In 1932, the Callejas Zamora de Freirina family, led by their patriarch Paulino Callejas, discovered rich veins of gold in Capote, whose boom continued until the early 1960s. This family built modern mineral treatment facilities, with more than 1,000 workers, for which the Capote Aurifero company built houses, social and sports centers, school, theater, grocery store, office, administration, etc. According to some historians, this mineral had more than 7,000 inhabitants.

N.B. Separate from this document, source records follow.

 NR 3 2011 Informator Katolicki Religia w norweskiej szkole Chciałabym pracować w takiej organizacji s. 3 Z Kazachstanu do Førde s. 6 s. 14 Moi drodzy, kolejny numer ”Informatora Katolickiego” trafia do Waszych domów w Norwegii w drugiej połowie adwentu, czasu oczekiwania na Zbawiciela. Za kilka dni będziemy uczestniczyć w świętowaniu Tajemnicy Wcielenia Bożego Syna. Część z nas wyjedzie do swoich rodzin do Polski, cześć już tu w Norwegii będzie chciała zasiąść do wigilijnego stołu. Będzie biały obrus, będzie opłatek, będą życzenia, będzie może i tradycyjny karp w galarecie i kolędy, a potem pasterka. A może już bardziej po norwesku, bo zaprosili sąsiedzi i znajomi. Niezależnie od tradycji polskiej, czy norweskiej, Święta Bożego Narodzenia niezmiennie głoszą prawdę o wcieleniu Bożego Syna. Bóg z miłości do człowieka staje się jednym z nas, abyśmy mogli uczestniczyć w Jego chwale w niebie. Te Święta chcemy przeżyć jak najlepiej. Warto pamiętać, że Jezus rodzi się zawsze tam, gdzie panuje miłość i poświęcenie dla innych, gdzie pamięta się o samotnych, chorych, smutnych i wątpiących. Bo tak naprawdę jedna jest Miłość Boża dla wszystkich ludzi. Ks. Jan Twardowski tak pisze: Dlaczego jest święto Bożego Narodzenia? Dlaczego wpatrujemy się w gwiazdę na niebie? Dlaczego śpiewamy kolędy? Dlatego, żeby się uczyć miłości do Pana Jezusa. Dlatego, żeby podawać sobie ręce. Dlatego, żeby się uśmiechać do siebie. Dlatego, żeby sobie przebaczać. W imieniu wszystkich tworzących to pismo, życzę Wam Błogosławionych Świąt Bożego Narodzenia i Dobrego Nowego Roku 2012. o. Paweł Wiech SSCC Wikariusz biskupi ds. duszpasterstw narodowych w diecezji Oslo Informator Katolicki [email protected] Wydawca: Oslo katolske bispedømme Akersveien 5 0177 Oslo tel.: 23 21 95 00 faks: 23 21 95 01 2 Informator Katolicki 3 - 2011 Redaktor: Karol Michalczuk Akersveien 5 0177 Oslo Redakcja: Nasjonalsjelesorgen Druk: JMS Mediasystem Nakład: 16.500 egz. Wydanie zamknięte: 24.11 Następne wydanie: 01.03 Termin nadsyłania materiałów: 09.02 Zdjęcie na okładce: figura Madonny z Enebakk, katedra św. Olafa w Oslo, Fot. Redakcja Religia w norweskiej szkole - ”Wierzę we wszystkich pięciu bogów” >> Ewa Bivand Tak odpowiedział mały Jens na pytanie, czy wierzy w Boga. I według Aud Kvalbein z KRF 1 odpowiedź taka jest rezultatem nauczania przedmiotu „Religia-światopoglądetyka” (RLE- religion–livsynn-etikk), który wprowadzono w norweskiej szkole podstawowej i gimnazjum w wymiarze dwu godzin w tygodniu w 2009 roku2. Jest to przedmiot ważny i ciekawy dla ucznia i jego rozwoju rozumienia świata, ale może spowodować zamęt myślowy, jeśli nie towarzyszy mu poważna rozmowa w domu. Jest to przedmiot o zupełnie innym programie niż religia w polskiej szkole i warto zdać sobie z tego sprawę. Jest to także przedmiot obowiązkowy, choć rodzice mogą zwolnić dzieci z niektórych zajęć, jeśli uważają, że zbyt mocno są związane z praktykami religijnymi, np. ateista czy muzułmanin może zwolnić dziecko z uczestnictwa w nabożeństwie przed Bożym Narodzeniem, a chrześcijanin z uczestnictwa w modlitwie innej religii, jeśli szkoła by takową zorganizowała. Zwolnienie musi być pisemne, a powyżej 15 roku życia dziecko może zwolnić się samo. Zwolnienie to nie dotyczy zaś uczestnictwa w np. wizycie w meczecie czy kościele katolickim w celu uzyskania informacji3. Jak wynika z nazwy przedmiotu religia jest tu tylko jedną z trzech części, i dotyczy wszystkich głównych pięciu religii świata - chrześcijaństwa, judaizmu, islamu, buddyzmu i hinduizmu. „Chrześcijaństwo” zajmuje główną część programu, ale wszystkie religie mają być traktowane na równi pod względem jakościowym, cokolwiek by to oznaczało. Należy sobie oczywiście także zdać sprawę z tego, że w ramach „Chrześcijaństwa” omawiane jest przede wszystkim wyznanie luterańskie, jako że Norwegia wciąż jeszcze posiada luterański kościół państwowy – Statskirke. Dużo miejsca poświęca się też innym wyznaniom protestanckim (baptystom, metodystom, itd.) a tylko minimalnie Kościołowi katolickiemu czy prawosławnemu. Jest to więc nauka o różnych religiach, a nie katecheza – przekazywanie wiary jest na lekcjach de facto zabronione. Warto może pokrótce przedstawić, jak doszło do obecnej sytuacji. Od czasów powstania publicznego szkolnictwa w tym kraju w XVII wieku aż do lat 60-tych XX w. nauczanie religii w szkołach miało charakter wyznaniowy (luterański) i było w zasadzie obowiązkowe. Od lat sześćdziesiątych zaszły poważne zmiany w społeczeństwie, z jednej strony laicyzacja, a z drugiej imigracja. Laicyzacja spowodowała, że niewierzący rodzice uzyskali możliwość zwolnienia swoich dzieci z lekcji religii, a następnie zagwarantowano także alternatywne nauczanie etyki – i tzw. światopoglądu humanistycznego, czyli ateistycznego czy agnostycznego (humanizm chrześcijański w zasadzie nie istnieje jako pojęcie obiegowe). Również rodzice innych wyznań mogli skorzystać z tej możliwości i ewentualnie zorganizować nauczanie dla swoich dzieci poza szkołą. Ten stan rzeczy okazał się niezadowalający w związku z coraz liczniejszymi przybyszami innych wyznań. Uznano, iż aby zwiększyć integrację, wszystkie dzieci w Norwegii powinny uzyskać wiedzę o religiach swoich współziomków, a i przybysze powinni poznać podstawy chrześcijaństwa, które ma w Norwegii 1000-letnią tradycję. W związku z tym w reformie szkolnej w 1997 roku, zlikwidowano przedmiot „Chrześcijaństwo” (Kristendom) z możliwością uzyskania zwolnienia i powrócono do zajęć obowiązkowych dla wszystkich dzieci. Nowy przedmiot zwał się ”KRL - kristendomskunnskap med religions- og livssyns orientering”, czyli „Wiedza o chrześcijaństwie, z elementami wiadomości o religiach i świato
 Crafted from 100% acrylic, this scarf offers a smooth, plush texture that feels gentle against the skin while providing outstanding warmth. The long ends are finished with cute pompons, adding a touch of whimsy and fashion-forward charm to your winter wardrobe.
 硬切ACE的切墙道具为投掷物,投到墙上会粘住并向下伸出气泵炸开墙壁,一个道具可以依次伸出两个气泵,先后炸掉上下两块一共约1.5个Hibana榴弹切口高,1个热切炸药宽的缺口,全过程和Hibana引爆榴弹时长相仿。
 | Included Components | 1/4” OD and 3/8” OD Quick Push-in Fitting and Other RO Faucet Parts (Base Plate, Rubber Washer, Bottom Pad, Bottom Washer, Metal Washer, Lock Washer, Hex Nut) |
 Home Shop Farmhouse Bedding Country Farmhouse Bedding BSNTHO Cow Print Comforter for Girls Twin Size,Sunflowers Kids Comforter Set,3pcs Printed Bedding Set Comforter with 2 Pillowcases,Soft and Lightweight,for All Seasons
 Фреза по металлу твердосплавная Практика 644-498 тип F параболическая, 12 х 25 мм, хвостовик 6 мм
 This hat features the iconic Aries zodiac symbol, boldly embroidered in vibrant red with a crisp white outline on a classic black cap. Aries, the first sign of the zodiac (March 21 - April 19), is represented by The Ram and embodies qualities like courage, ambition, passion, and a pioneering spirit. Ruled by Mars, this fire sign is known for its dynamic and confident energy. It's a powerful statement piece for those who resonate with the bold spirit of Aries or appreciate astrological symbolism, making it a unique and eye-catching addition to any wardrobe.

Despite the Capote boom, the mineral was not always going to generate the expected profits. This is because between the 1950s and 1960s the veins were depleted and the works closed, causing an entire town to begin to emigrate.
HIGH CARRIZAL
Carrizal Alto (Atacama Region, Chile) was one of the most important mining sectors in the Atacama Region. Located between Copiapó and Vallenar, some 30 kilometers to the east of Carrizal Bajo. Today only remains of this emblematic town remain. The great cemetery still resists but the time and years of neglect are already noticeable.
Carrizal Alto copper ore was discovered at the end of the 18th century by an indigenous person called Quinchomanque.
The Crimean War in Russia brought the reduction of the Russian copper mines, which benefited the production of Carrizal Alto between the years 1854 and 1855 when its exploitation flourished.
In 1865 the telegraph line between Chañarcillo and Carrizal Alto was built. There was a theater (with 500 seats), a hospital, a church and a number of shops, barracks, butchers, a printing press, restaurants and hotels. Historian Luis Joaquín Morales describes Carrizal Alto as a pleasant city - open to progress.
1878 was the year with the largest production of fine copper ever in this district: 3,614,872 kg.
In 1899, it had a postal service, a telegraph, a civil registry, a church, a good hospital, free schools and a railway station, among others.
Outstanding character: Mariano Avellana Lasierra, parish priest of Carrizal Alto. He dedicated himself to a profound pastoral activity among the poorest families and the copper miners.